WORK TO COMPLETE: Your task is to retype the lines from the opening of the material through the line that includes "對(duì)我國(guó)東". Do not copy the pictures.

:: SUPPLIED ENTRIES ::

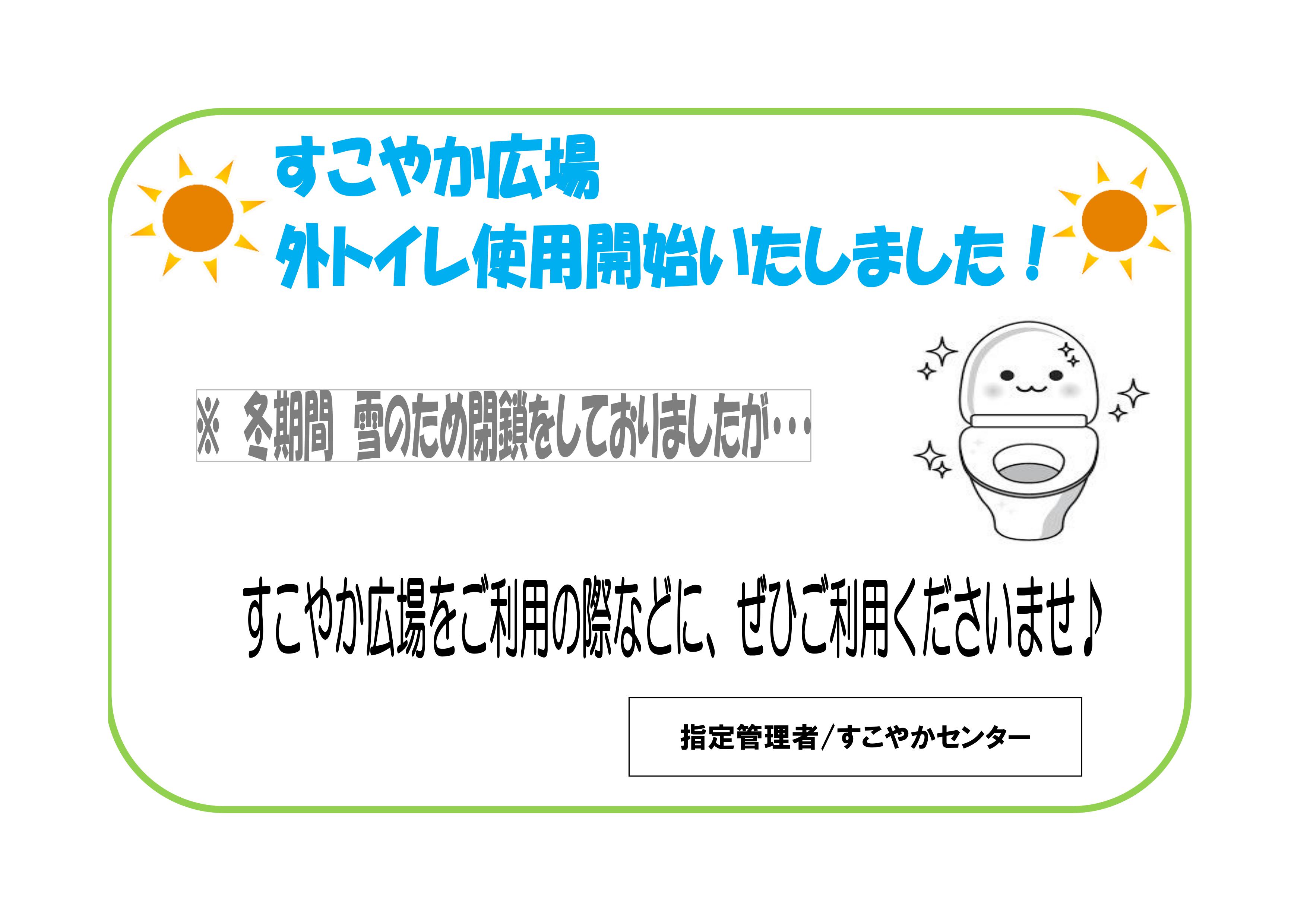冬期間、雪のため「すこやか広場 外トイレ」を閉鎖しておりましたが、
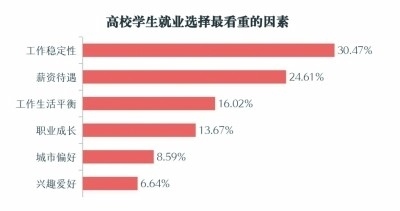 對(duì)我國(guó)東、中、西部地區(qū)7個(gè)省區(qū)市的14所本科院校、4所專科院校,覆蓋研究生、本科生、??粕惾后w,隨機(jī)抽樣的1829份調(diào)查問卷顯示,除工作穩(wěn)定性、薪資待遇外,工作生活平衡、職業(yè)成長(zhǎng)、所在城市、興趣愛好等,也是高校學(xué)生就業(yè)選擇時(shí)看重的因素。
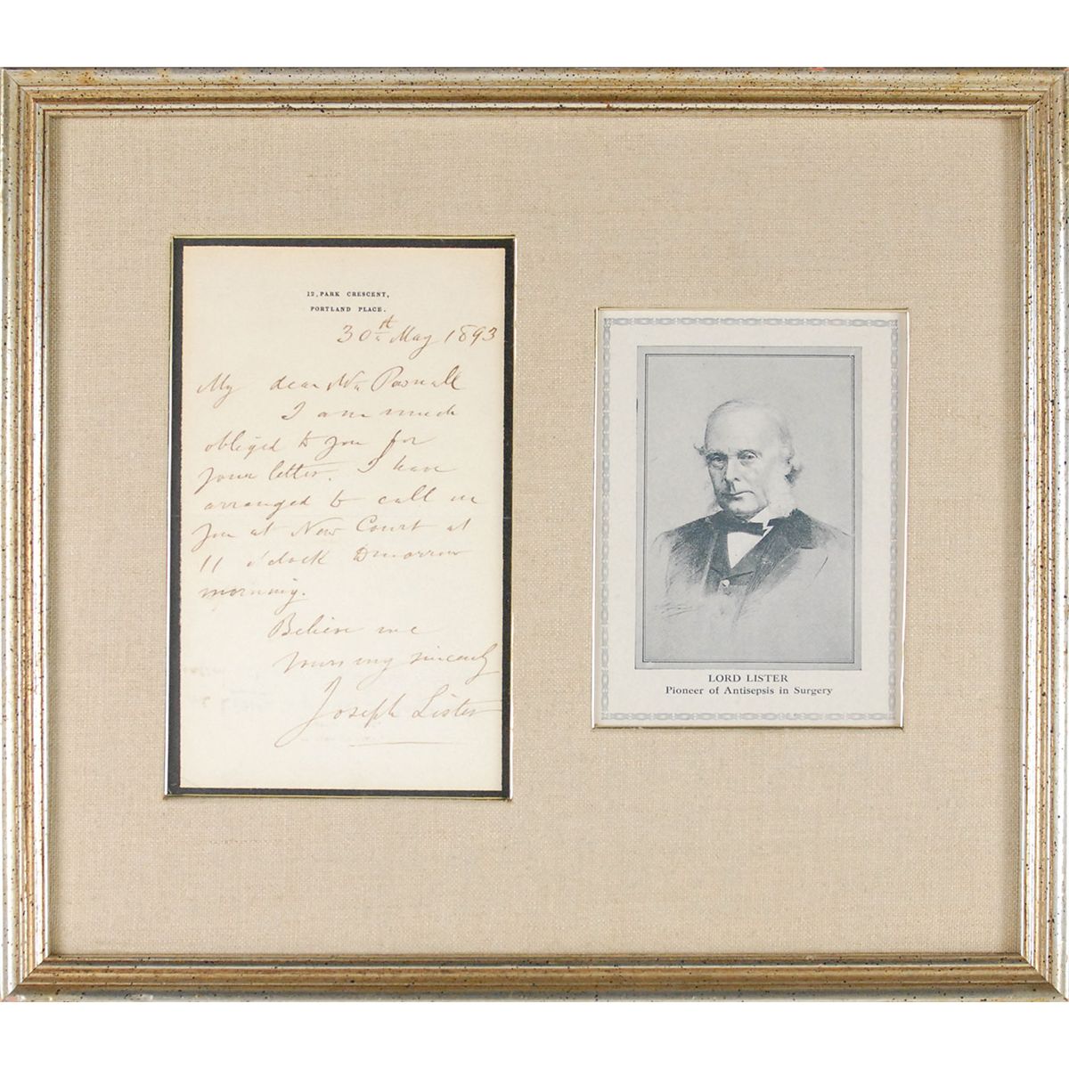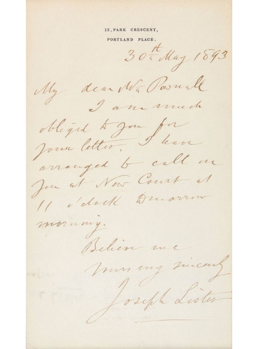 British surgeon (1827–1912) who innovated the practice of sterile surgery, one of the most important medical advances of the day. ALS, one page, 3.75 x 6.25, black-bordered personal letterhead, May 30, 1893. Letter to Mr. Pownall. In full: “I am much obliged to you for your letter. I have arranged to call on you at New Court at 11 o’clock tomorrow.” Attractively cloth-matted and framed with an engraved portrait to an overall size of 12 x 10.5. In fine condition. This letter is black-bordered in memory of Lister’s wife, Agnes Syme Lister, who had passed away on April 12, 1893.
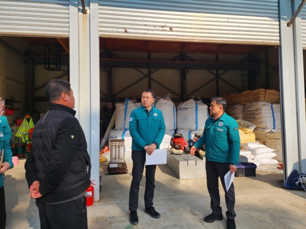 이어 면사무소의 수방자재 창고를 방문해 제설제의 적정량 확보와 보관 상태를 점검하고 제설 장비가 원활하게 작동할 수 있도록 정비 상태와 배치 상황도 확인했다.
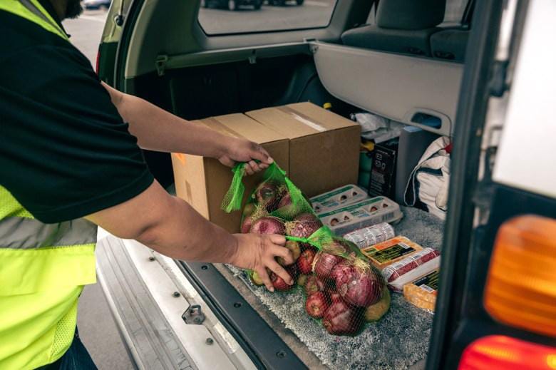 Food Bank of Contra Costa and Solano volunteers and staff load groceries into cars in Vallejo on June 7, 2023. Photo by Shelby Knowles for CalMatters
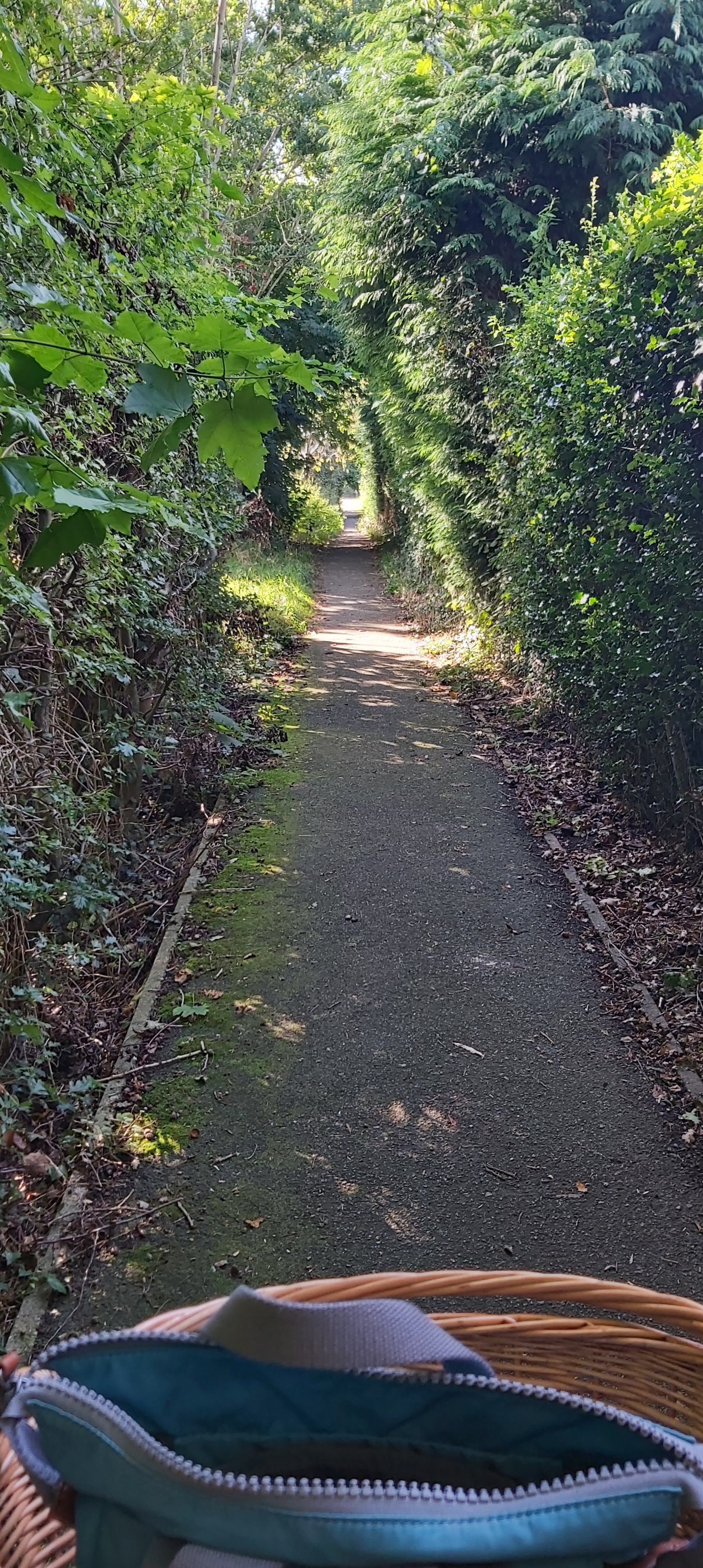 I cycled into town today to post a book. I love cycling, and I love autumn, at least when the weather is like it was today – drowsy and warm, and smelling of mown grass and earth. I cycled along the twittens (Sussex word for alleyways). The sun fell down through the trees and landed on the ground in small bursts or shapes like open mouths. The cycling and the yellowness of things – they made me glad. I was so in love with the speed and the sunshine that I cycled along the pedestrian-only bits too. There was no one walking there.
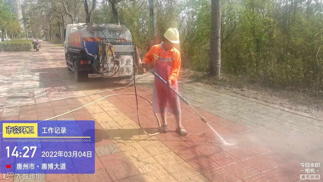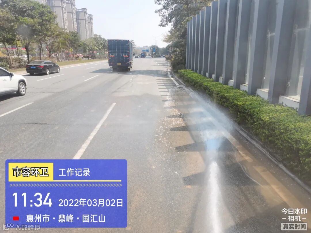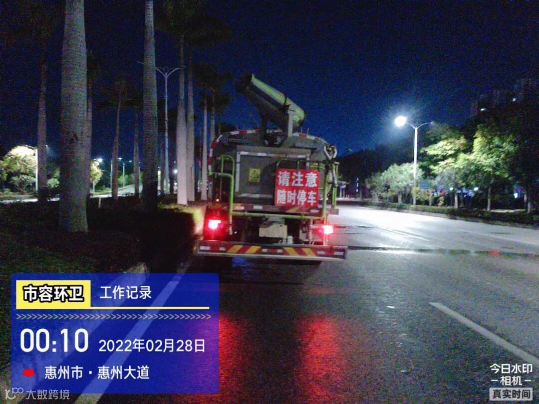 白天夜间常态化冲洗清扫辖区各路段及沿线喷雾洒水降尘作业
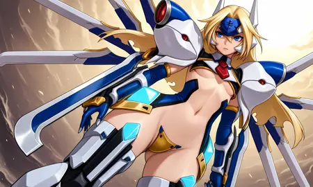 mu-12, bbmu12, mu12bb, blonde hair, blue eyes, forehead protector, crotch plate, headgear, arm blade, clothing cutout, pauldrons, revealing clothes, armor, shoulder armor, mechanical legs, floating weapon, mecha musume, thighs, maebari
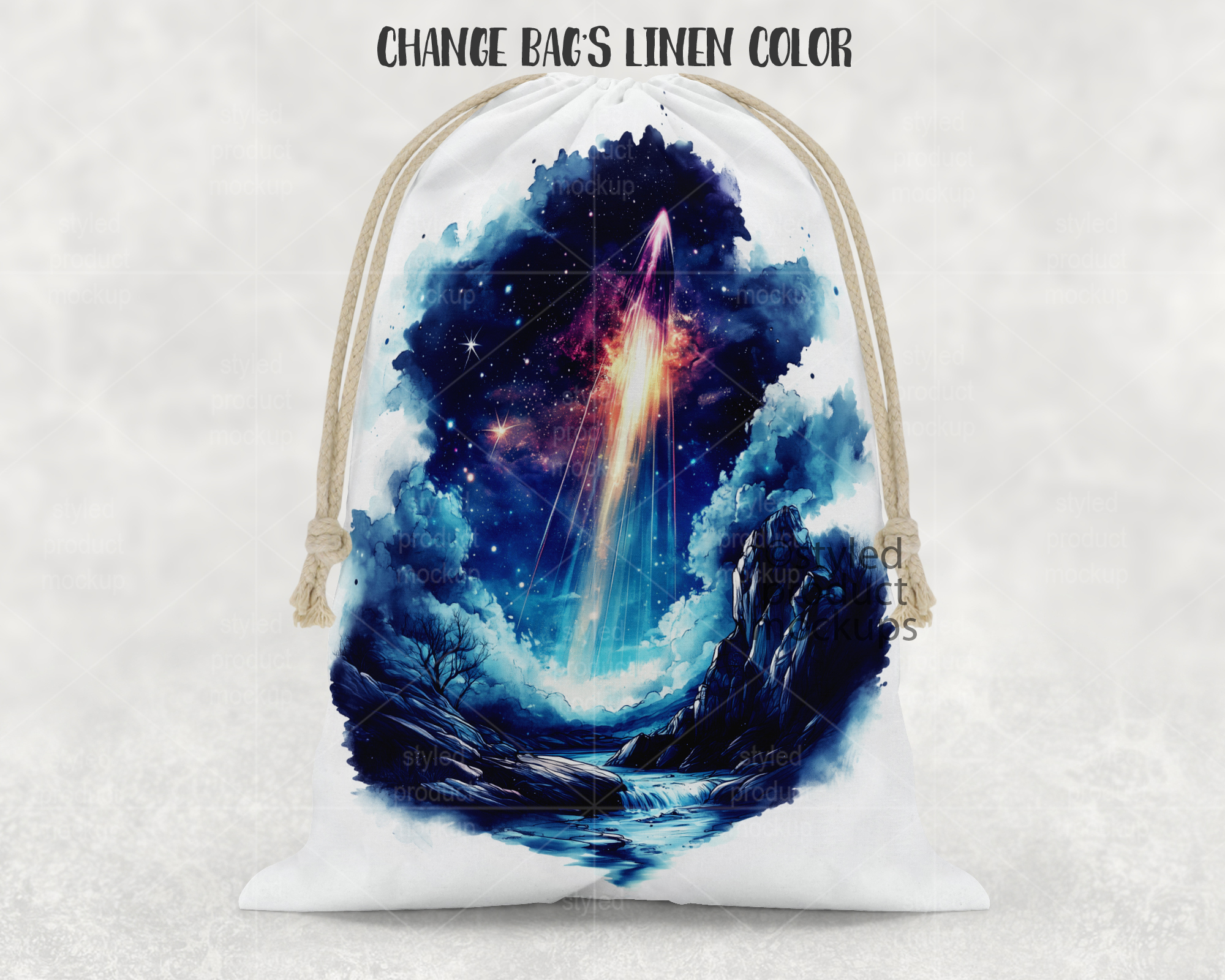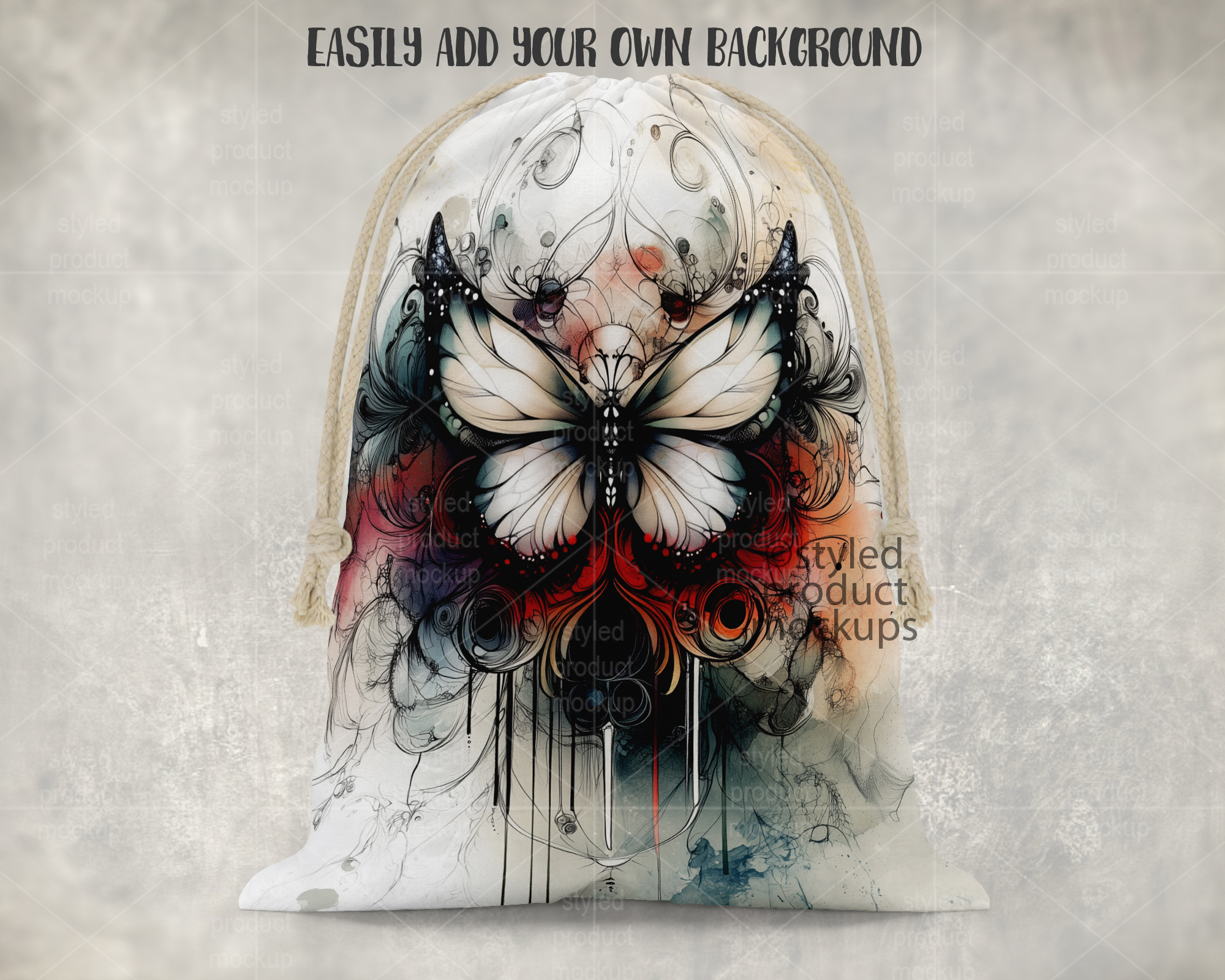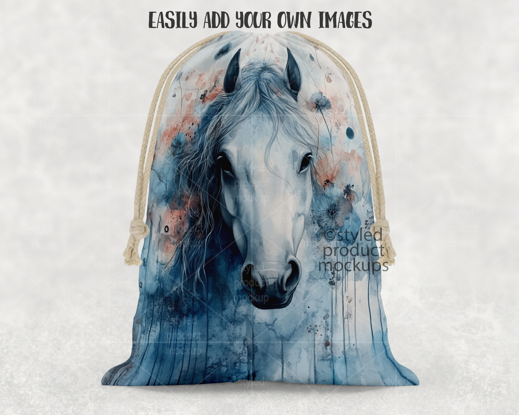 This listing is a mock-up that features a dye sublimation linen drawstring bag measuring approximately 12×16 inches (30 x 40 cm). Give a professional touch to your bag designs without the hassle of photographing each one. This styled product mockups template is ready to use, simply add in your own art files and background.
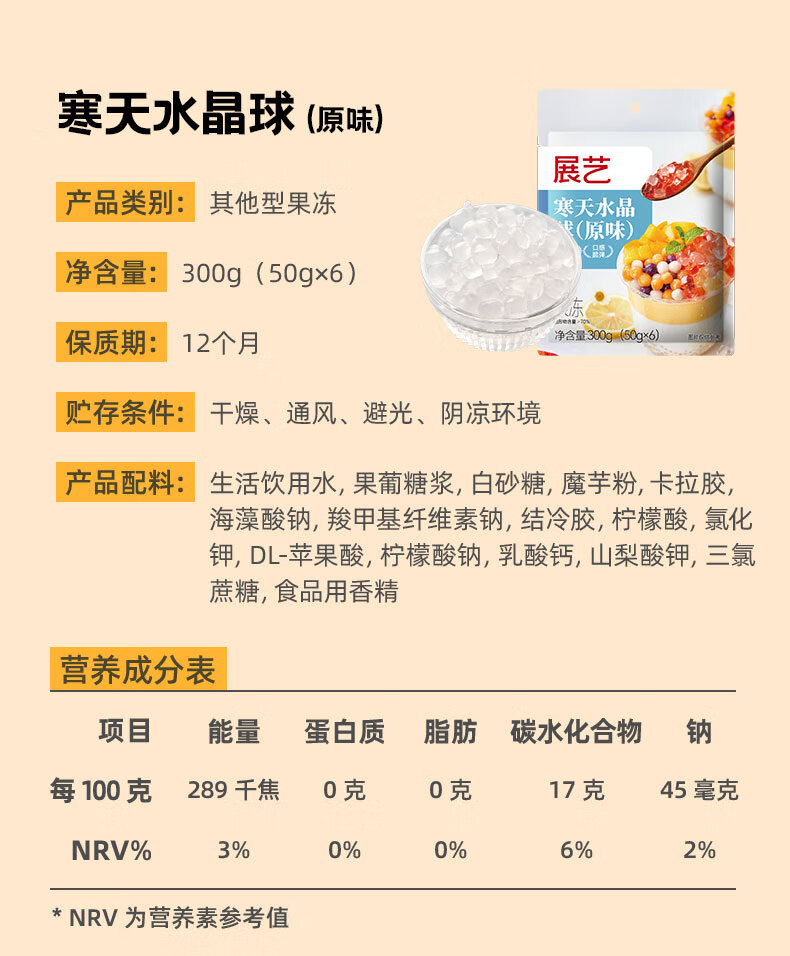 展艺脆啵啵50g*6包 寒天水晶球奶茶小料清补凉甜品烧仙草烘焙原料
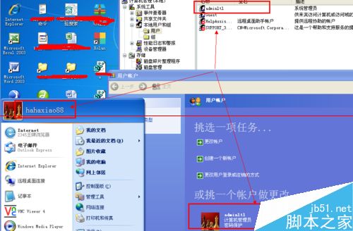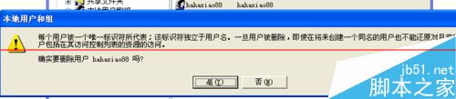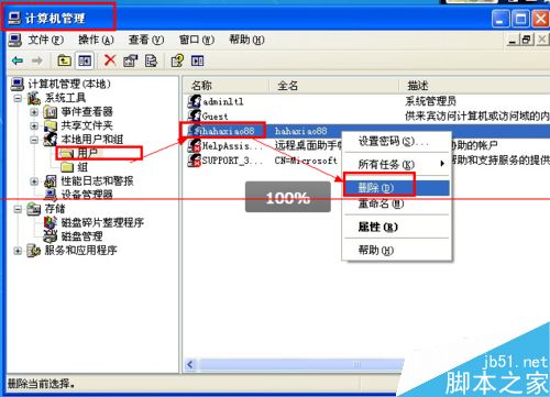 10、我们重新打开之前增加“hahaxiao88”账号的“计算机管理”窗口。然后在用户里面的“hahaxiao88”用户上点击鼠标右键--->删除--->是。

:::

TASK RESPONSE:
冬期間、雪のため「すこやか広場 外トイレ」を閉鎖しておりましたが、
 對(duì)我國(guó)東、中、西部地區(qū)7個(gè)省區(qū)市的14所本科院校、4所專科院校,覆蓋研究生、本科生、??粕惾后w,隨機(jī)抽樣的1829份調(diào)查問卷顯示,除工作穩(wěn)定性、薪資待遇外,工作生活平衡、職業(yè)成長(zhǎng)、所在城市、興趣愛好等,也是高校學(xué)生就業(yè)選擇時(shí)看重的因素。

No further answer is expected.